▶ **Provided data**:
Segment Open

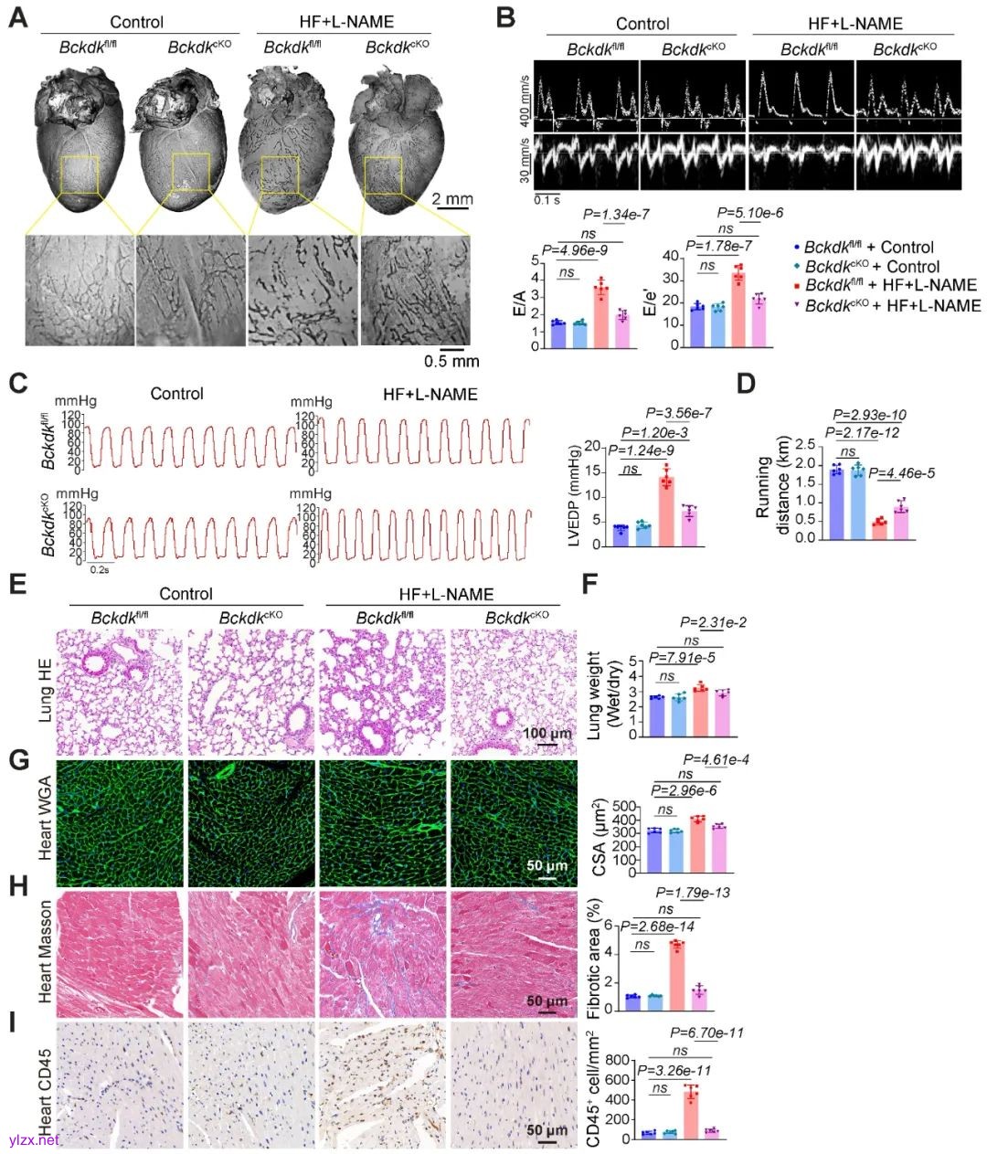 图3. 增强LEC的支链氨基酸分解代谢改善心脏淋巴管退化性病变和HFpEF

Segment Closed
Segment Open

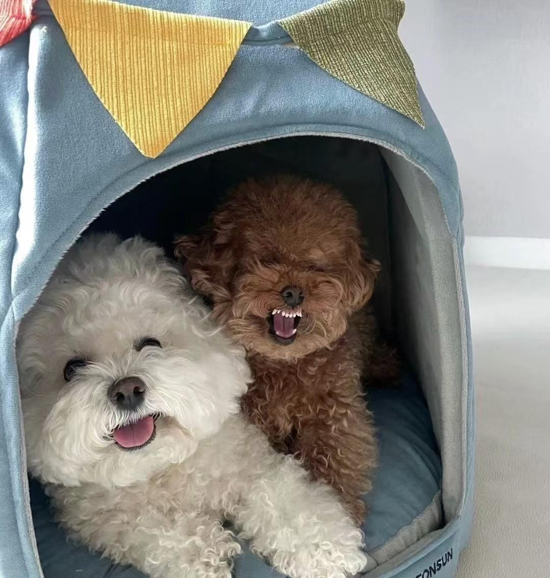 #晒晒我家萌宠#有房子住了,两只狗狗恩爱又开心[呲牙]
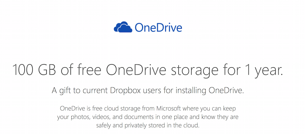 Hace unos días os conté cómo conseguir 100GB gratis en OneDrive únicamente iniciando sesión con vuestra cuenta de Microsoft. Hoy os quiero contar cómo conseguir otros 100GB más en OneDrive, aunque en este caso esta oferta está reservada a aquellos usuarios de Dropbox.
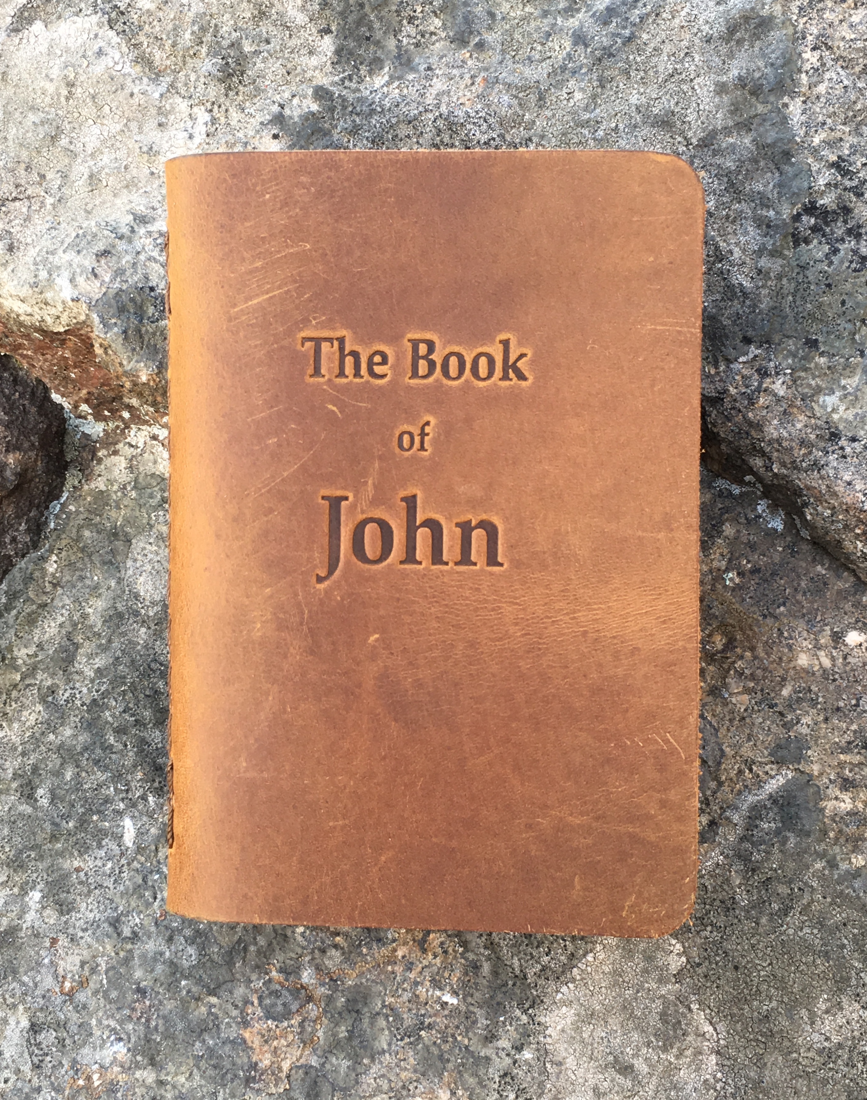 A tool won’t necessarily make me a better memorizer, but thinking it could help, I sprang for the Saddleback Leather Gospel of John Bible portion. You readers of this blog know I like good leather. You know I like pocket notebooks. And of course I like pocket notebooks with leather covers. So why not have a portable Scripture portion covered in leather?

Segment Closed
Segment Open

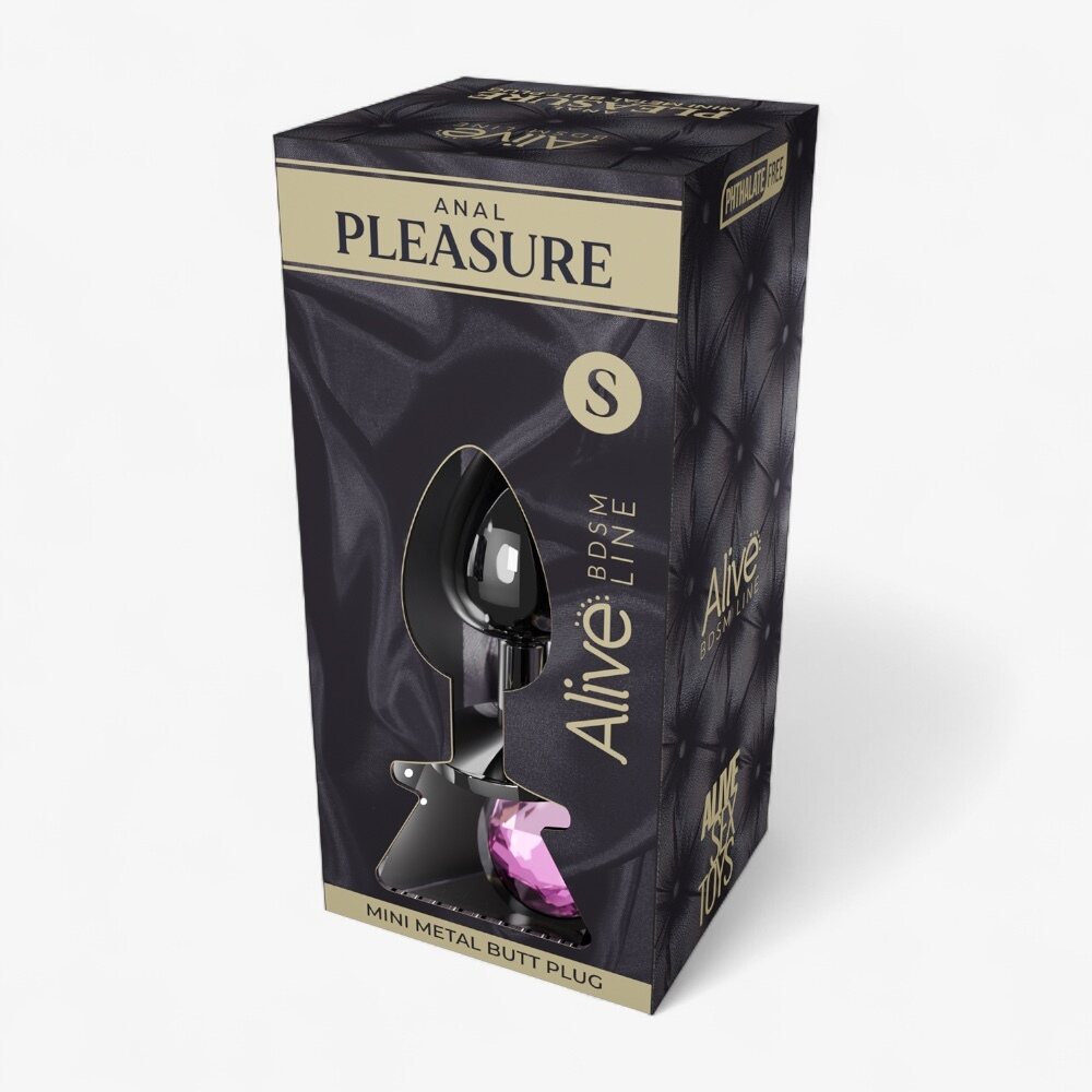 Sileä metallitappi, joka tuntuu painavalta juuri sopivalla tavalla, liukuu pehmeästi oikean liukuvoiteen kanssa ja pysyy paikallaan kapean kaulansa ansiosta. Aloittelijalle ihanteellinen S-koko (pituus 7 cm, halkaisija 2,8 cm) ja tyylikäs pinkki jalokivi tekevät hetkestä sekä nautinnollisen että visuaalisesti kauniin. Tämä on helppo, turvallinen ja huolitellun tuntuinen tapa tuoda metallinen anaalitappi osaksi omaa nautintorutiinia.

Segment Closed

▶ **What you are asked to do**:
Would you write out exactly the lines above, starting at the line containing "#晒晒我家萌宠#有房子住了,两只狗狗恩爱又开心[呲牙]" and stopping after the line containing "Hace unos días"? Omit the pictures.

▶ **Solution to the problem**:
 #晒晒我家萌宠#有房子住了,两只狗狗恩爱又开心[呲牙]
 Hace unos días os conté cómo conseguir 100GB gratis en OneDrive únicamente iniciando sesión con vuestra cuenta de Microsoft. Hoy os quiero contar cómo conseguir otros 100GB más en OneDrive, aunque en este caso esta oferta está reservada a aquellos usuarios de Dropbox.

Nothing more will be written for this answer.